Exemplary embodiments
The following is a description of various aspects of embodiments of the presently disclosed subject matter. Each aspect may include one or more of the various features, characteristics, or advantages of the disclosed subject matter. The embodiments are intended to exemplify several aspects of the disclosed subject matter and should not be considered as a comprehensive or exhaustive description of all possible embodiments.
Aspect 1 relates to a system for manufacturing a cell culture scaffold, comprising: a housing; and a plurality of modular components disposed in a series arrangement within the housing, the modular components being connected by a plurality of microfluidic flow channels.
Aspect 2 relates to the system of aspect 1, wherein the modular components include an emulsifier, a coating reactor, and a separator.
Aspect 3 relates to the system of aspect 2, wherein the emulsifier comprises: an input, comprising: an organic solution flow channel, and a crosslinking solution flow channel; and an output comprising an emulsion flow channel in communication with the coating reactor.
Aspect 4 relates to the system of aspect 3, wherein the organic solution flow channel and the crosslinking solution flow channel communicate through a microfluidic hole disposed between the organic solution flow channel and the crosslinking solution flow channel.
Aspect 5 relates to the system of aspect 3, wherein the emulsifier further comprises a porous membrane.
Aspect 6 relates to the system of aspect 5, wherein the critical dimension of each cell culture scaffold is determined by the pore size of the porous membrane.
Aspect 7 relates to the system of aspect 5, wherein the porous membrane is removable and replaceable.
Aspect 8 relates to the system of aspect 3, wherein the system further comprises: an organic solution reservoir having an input line to the emulsifier; and a crosslinking solution reservoir having an input line to the emulsifier.
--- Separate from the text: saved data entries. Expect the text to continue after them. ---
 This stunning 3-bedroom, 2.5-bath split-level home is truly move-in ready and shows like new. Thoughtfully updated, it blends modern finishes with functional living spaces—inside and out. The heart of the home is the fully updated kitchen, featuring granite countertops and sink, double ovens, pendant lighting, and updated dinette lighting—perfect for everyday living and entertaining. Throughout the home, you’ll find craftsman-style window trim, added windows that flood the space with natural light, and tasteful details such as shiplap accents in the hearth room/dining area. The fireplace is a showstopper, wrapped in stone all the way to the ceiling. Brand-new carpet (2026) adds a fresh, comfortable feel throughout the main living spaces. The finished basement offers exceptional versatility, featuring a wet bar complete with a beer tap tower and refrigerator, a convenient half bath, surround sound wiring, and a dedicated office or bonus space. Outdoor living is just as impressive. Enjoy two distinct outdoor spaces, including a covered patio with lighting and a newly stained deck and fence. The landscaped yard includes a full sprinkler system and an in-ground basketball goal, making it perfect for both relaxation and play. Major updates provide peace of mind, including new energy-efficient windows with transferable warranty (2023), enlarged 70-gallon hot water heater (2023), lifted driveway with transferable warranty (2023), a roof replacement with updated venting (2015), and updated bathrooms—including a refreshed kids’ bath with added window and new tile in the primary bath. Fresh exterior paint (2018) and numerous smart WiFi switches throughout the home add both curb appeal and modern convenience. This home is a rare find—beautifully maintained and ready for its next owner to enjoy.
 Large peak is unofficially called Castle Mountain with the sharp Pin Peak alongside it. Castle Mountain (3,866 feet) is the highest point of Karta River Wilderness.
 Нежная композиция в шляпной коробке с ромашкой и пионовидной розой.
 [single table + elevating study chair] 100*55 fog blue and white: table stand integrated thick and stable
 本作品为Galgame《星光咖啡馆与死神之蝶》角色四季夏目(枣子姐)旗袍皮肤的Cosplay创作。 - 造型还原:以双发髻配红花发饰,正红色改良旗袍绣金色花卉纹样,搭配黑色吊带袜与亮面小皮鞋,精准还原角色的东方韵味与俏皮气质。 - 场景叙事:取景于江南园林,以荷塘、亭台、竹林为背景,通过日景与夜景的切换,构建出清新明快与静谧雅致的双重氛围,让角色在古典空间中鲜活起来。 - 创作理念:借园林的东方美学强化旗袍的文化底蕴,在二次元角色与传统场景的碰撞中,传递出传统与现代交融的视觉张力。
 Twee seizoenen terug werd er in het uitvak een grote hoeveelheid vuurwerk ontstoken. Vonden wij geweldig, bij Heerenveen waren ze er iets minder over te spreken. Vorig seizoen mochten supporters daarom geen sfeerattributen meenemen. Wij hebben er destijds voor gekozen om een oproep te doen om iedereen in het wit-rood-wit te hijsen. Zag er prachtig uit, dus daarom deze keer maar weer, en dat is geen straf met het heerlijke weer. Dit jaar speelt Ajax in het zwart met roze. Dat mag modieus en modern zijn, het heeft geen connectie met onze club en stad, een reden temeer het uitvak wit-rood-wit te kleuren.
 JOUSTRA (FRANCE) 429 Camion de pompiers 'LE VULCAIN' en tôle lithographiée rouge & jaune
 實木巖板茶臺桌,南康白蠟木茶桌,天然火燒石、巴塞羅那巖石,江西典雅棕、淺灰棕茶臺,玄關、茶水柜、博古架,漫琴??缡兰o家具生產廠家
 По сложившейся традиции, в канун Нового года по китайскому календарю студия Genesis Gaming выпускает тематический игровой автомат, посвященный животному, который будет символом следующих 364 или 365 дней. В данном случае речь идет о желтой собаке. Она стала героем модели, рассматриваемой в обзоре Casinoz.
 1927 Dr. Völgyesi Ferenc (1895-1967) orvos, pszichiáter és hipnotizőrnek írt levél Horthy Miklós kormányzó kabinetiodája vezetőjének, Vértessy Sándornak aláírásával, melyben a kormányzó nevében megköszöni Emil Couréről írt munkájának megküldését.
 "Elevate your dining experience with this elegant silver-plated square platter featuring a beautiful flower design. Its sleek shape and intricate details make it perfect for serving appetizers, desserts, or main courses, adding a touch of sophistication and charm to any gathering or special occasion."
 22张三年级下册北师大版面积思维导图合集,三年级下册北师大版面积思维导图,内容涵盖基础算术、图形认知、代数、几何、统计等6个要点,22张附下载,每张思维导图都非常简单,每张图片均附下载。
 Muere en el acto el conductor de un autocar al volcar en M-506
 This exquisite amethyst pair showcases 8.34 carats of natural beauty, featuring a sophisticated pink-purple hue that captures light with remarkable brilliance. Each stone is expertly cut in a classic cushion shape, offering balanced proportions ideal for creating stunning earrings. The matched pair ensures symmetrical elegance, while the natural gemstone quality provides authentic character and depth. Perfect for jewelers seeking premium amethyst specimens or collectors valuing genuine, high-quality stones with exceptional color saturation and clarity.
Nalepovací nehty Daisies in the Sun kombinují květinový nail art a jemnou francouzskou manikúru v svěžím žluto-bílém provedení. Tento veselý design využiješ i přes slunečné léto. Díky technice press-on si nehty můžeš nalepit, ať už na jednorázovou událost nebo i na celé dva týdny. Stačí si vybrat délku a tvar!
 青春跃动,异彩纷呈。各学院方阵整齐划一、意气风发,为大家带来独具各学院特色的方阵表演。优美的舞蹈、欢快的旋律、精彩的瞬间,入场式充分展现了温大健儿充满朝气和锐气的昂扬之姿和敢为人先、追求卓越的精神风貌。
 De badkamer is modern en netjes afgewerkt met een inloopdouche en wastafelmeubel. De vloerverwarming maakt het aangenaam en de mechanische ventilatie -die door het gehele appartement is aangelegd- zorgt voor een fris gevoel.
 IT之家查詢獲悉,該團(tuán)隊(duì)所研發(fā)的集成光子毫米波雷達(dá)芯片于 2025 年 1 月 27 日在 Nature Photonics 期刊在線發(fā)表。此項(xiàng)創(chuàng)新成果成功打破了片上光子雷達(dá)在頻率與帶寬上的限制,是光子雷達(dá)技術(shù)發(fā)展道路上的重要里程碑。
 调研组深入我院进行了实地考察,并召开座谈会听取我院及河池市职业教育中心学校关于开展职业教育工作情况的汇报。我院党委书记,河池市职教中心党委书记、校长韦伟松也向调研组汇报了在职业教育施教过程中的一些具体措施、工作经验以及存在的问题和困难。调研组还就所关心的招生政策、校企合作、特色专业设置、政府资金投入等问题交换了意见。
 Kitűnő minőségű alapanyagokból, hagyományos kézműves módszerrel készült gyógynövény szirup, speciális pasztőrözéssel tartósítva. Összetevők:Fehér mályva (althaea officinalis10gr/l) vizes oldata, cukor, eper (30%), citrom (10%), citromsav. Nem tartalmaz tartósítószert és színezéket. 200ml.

Aspect 9 relates to the system of aspect 8, further comprising a pump disposed between the organic solution reservoir and the emulsifier.
Aspect 10 relates to the system of aspect 9, wherein the organic solution reservoir input line further comprises a mass flow controller.
Aspect 11 relates to the system of aspect 8, further comprising a pump disposed between the crosslinking solution reservoir and the emulsifier.
Aspect 12 relates to the system of aspect 11, wherein the crosslinking-solution reservoir input line further comprises a mass flow controller.
Aspect 13 relates to the system of aspect 8, wherein the flow rate of the crosslinking solution is greater than or equal to the flow rate of the organic solution.
Aspect 14 relates to the system of aspect 3, wherein the organic solution comprises a polymer solution or a sugar solution.
Aspect 15 relates to the system of aspect 3, wherein the organic solution comprises a polygalacturonic acid (PGA) solution.
Aspect 16 relates to the system of aspect 3, wherein the organic solution comprises an oil, a non-polar fluid, an alcohol, water, a surfactant, or any combination thereof.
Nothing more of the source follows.